No tak nie ma to jak chłopaki. Oni nie mają uczuć, albo mi się zdaje. – Ty w ogóle masz uczucia? – Zapytałam prosto z mostu, nawet nie zastanawiałam się nad sensem pytania.
- Mam, jakieś mam. A co?
- Tak się pytam. – Mówiłam z pretensją. To brzmiało jakby chciał mi wmówić, ze nagle się w nim zakochałam. Ja pierdole. Aż taka głupia to ja nie jestem, żeby zakochiwać się w chłopaku poznanym wczoraj. – A tak w ogóle zapytam. To co ja wczoraj robiłam jak odholowaliśmy Will’a do domu?
- Pamiętam tylko to, że śpiewaliśmy piosenki Zeppelinów, gadaliśmy i pod koniec drogi uparłaś się, że chcesz mnie podprowadzić. – Na jego twarzy zawadniał chytry uśmieszek tak jakby miał coś jeszcze do powiedzenia.
- Aha i tylko tyle, bo to do mnie nie podobne?
- Powiedzmy…
- No weź, co jeszcze robiłam?
- No chyba tyle. Na pewno czepiłaś się mnie tego, że idę sam po ciemku do domu i chciałaś mnie zaprowadzić do niego. Jak się uparłaś to nie chciałaś odpuścić.
- Eee to nieźle. Wszyscy mi mówią, że jestem uparta, ale żeby aż tak. To nigdy.
- Nigdy nie mów nigdy.
- No co ty nie powiesz?
Nic się nie odezwał, ja z resztą też. Patrzyłam na psy biegające po wysokiej trawie.

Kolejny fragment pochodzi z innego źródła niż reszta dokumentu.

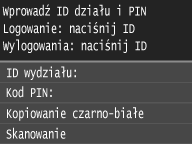 Dotknij opcję <ID wydziału> (albo opcję <ID menedżera systemu>).
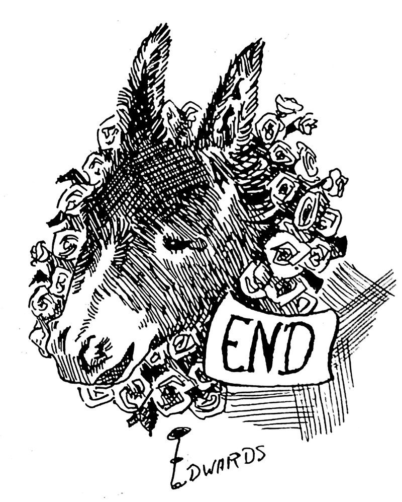 #vintage illustration #vintage yearbook #yearbook #the end #1920s #donkey #illustration
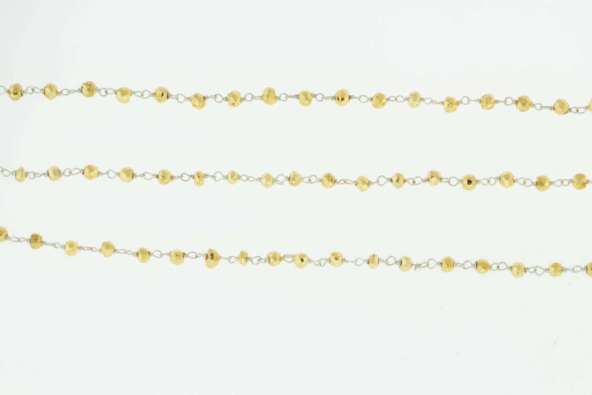 Gold Plated Pyrite 4mm Faceted Rondelles Rosary Chain Sterling Silver Wire Wrap Chain by the Foot
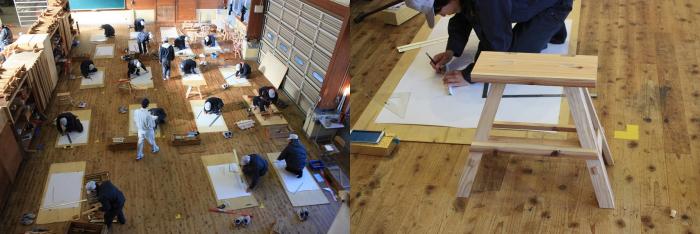 2年生は「基礎小屋模型」が完成しました。また、修了を間近に控え、技能水準を測るための技能照査が実施されました。合格した者には技能士補が与えられます。
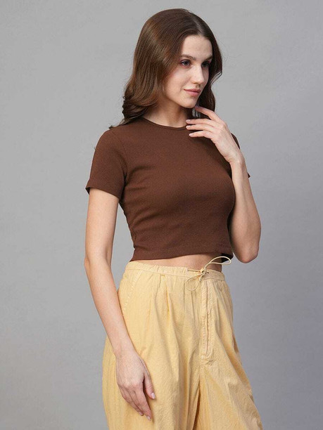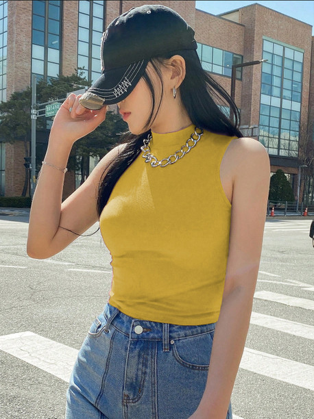 Women Solid High Neck Cotton Blend Yellow T-Shirt
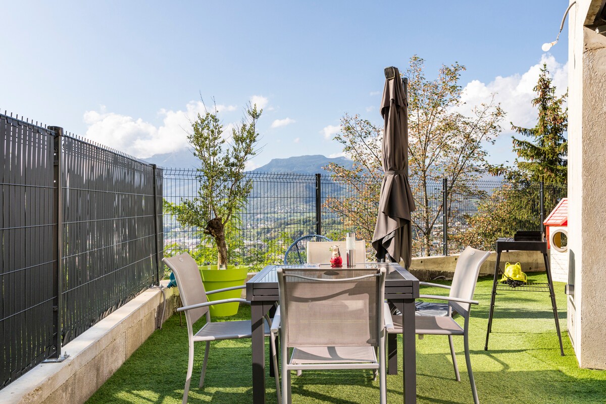 Acogedor en Chignin con terraza y balcón Descripción: Apartamento de 39 m² en Chignin, en el corazón de los viñedos de Saboya. Terraza y balcón con vistas a la montaña. ¡Ideal para una estancia en la naturaleza! El espacio: Sala de estar con sofá cama, TV, Wi-Fi. Cocina equipada (horno, nevera...) Habitación (cama de 140 cm). Baño, toallas incluidas. Estacionamiento gratuito Puntos fuertes: Cerca de los viñedos Esquí y lago de Bourget Rutas Bauges. 15 minutos de Chambéry. Información: 2-4 personas. Check-in autónomo. Limpieza incluida.
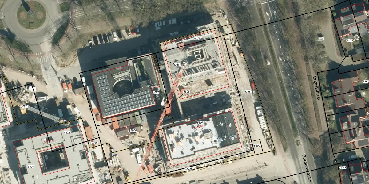 Het perceel waarop het adres ligt is VHV01-D-5807. De afkorting 'VHV01' staat voor kadastrale gemeente Veldhoven. Het perceel is met 3282 m² relatief groot. Het gemiddelde ligt in de kadastrale gemeente Veldhoven op 1485,81 m². De grootste perceeloppervlakte in de kadastrale gemeente is 78,9 ha. De kleinste oppervlakte bedraagt 0 m². Op het perceel liggen in totaal 87 adressen. In de Basisregistratie Kadaster (BRK) werden de grenzen van het perceel geregistreerd op 25-02-2026.
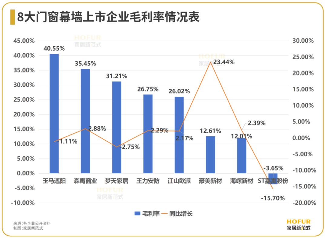 而毛利率基本上能够体现一家公司主营业务的盈利空间和变化趋势。家居新范式统计2023年财报数据发现,8大门窗幕墙上市企业中,5家毛利率超过25%,排名依次是玉马遮阳、森鹰窗业、梦天家居、王力安防、江山欧派,分别为40.55%、35.45%、31.21%、26.75%、26.02%。
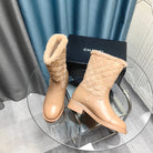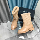 CC Short Boots Beige Suede Lining Wool And Lambskin
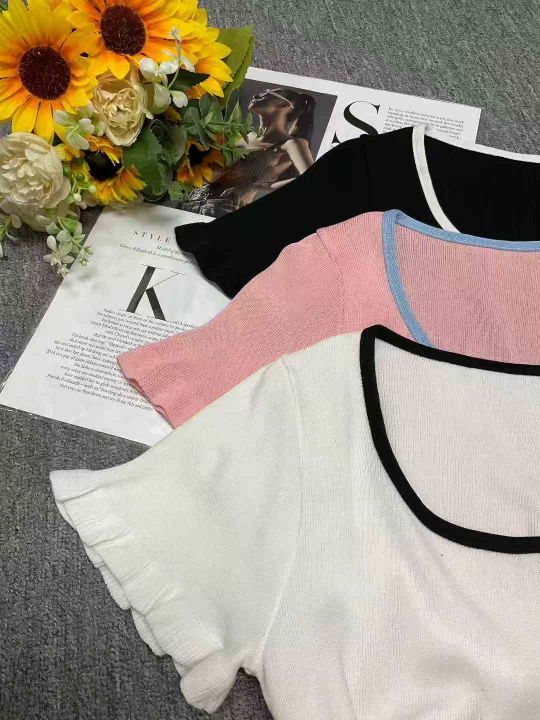 夏季新款高弹力方领木耳边法式奶系温柔风针织短袖T桖,独立包装,均码面料柔软舒适弹力大,370件,全清5.9元超低价秒杀!分货加一!
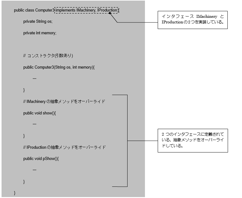 このComputer3クラスは4行目の記述で、2つのインタフェースIMachineryとIProductionを実装しています
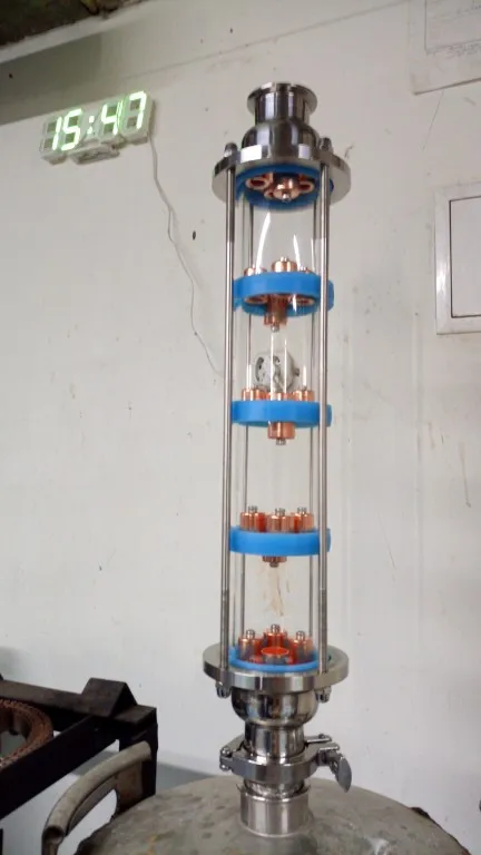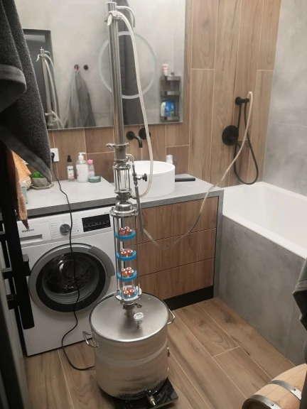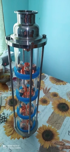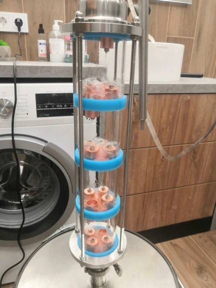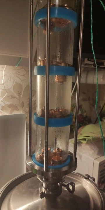 Сделано очень качественно< аккуратно. Сборка прошла без мучений с отверстиями не совпадениями и так далее. На выходе второго перегона зернового дистиллята 94-95% спирта. Аромат сохраняет. Чего и добивался. Действительно по началу запотевания нижнего стекла можно судить о конце перегона. Первый этаж это примерно подъём температуры в узле отбора на 0,2-0,3 градуса. Одну доработку сделал сразу. Почему то в комплекте нет прокладок под колпачки. Я установил силиконовые кольца (фото №2). Далее при проверке на герметичность обнаружил, что не смотря на то, что полка этажа вставляется в специальный паз в синей прокладке, все равно есть пропуск жидкости по краям. И жидкость минуя колпачки потихоньку сливается вниз. Перегону это не помешало. Скорость утечки мала. Но я в дальнейшем установлю дополнительное кольцо по краям. К продавцу и изготовителю претензий нет. За такую цену это просто блеск.
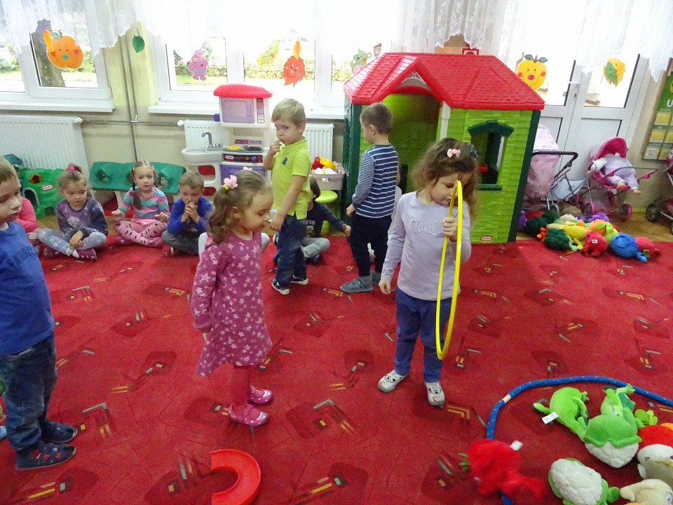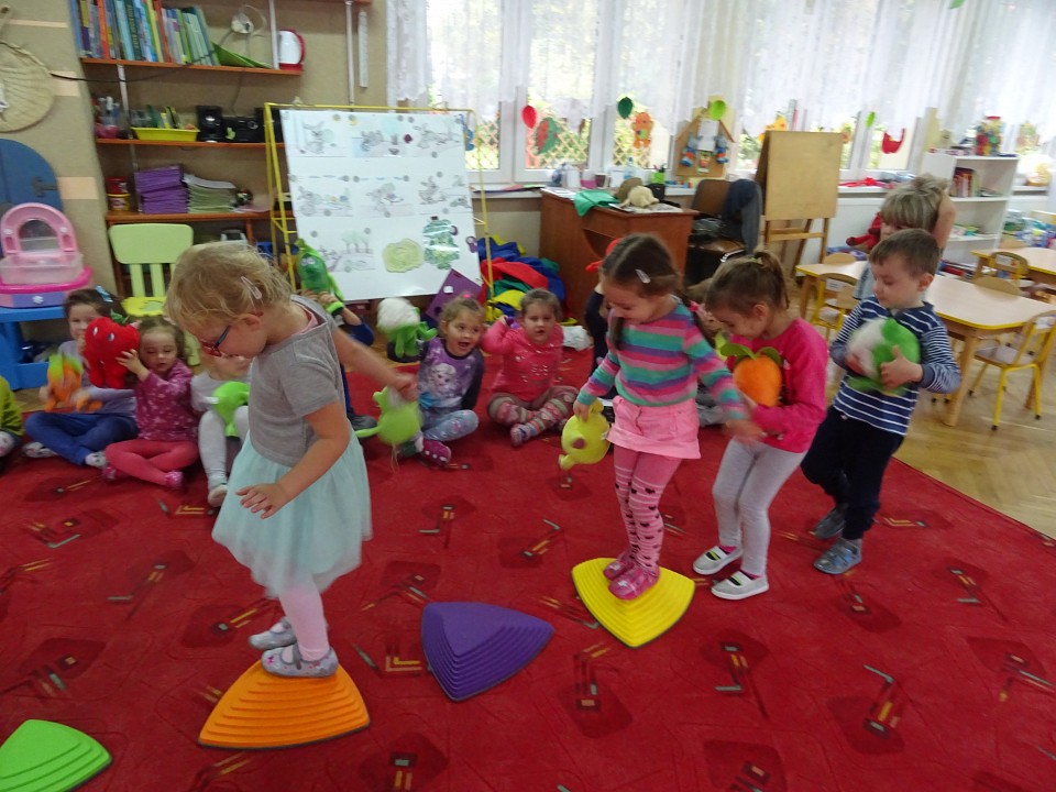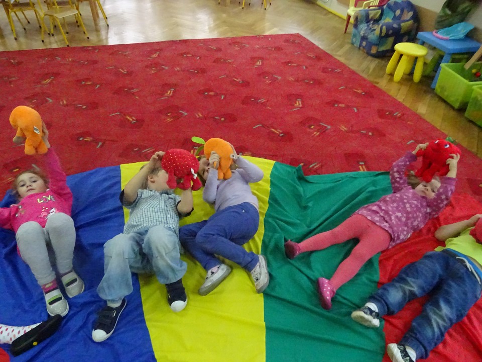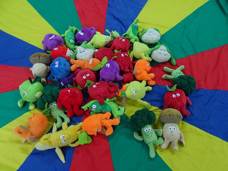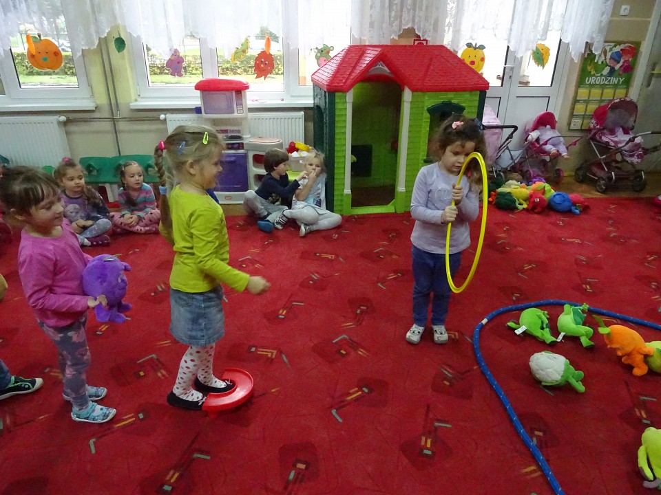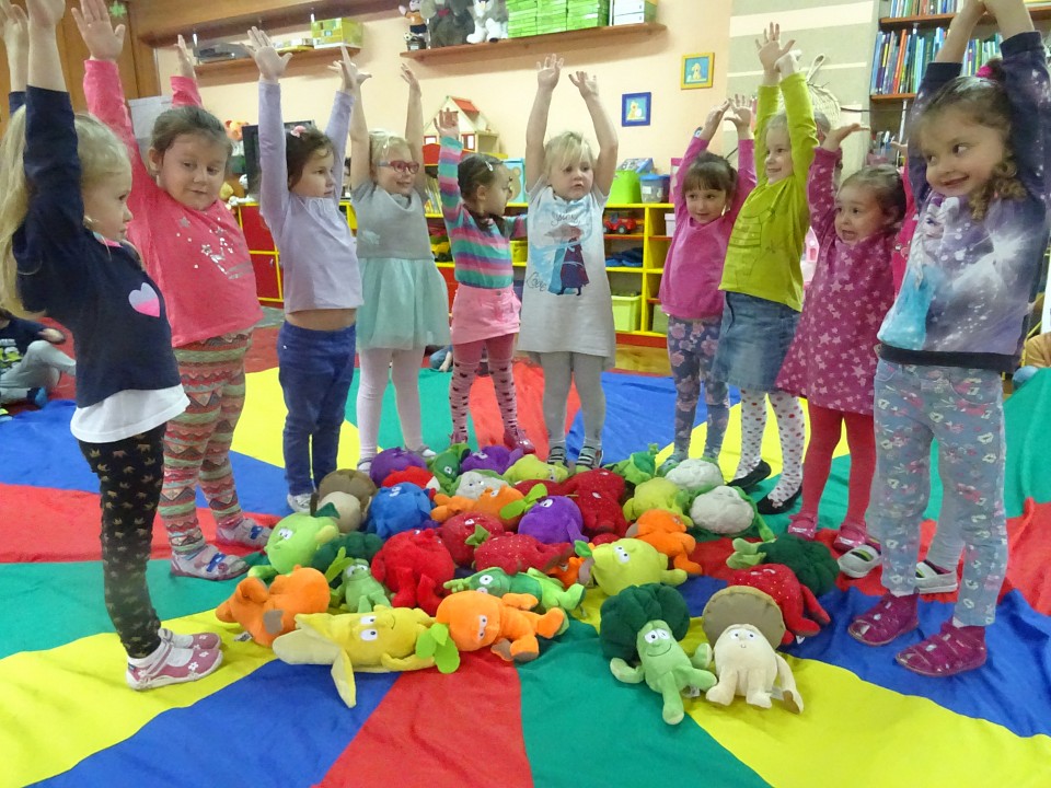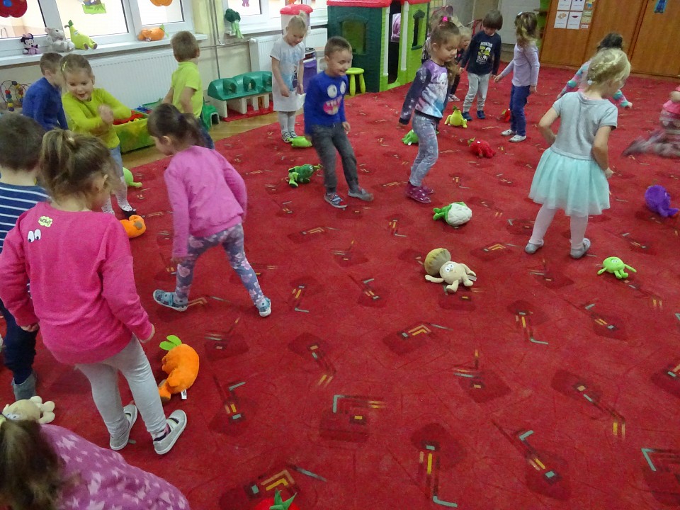 Wszyscy dobrze wiedzą, jak bogate w witaminy są owoce i warzywa. Dlatego MISIAKI chętnie przyniosły w czwartek 12 pażdziernika wszystkie swoje ulubione warzywno - owocowe pluszaki. Poprzez zabawy ze zgromadzonymi Świeżakami, bardziej uświadomiły sobie konieczność dbania o zdrowe odżywianie. Wspólnie z naszymi przyjaciółmi dzieci śpiewały, tańczyły, podskiwały radośnie z chustą Klanza, a także ćwiczyły. Było mnóstwo przytulania, radości i uśmiechu.

 W końcu po kilkunastu minutach przybiegła do mnie Roxy z Jeff’em. Zapięłam psa i szłam w stronę domu. Izzy złapał mnie za ramie i obrócił tak bym na niego patrzyła. Przestraszyłam się.
- Mogę później wpaść do ciebie?
- Nie ma problemu.
- Tylko jak coś to dzisiaj się nie widzieliśmy, Ok?
- Ok.

Poszłam z psem do domu, nikogo nie było. Ucieszyłam się. Nie musiałam słuchać kazań na temat „ jak ja jestem, jaka będę, jaka była ona i jak jest teraz”. Wkurzała mnie tym całym gadaniem. Nastawiłam wodę na kawę i siedziałam na blacie kuchennym. Zamyślałam się, z tej czynności ‘obudził’ mnie dźwięk piszczącego czajnika. Zalałam kawę i poszłam z nią do salonu. Zasnęłam. Chyba naprawdę wczoraj przebalowałam, bo nigdy tyle nie śpię.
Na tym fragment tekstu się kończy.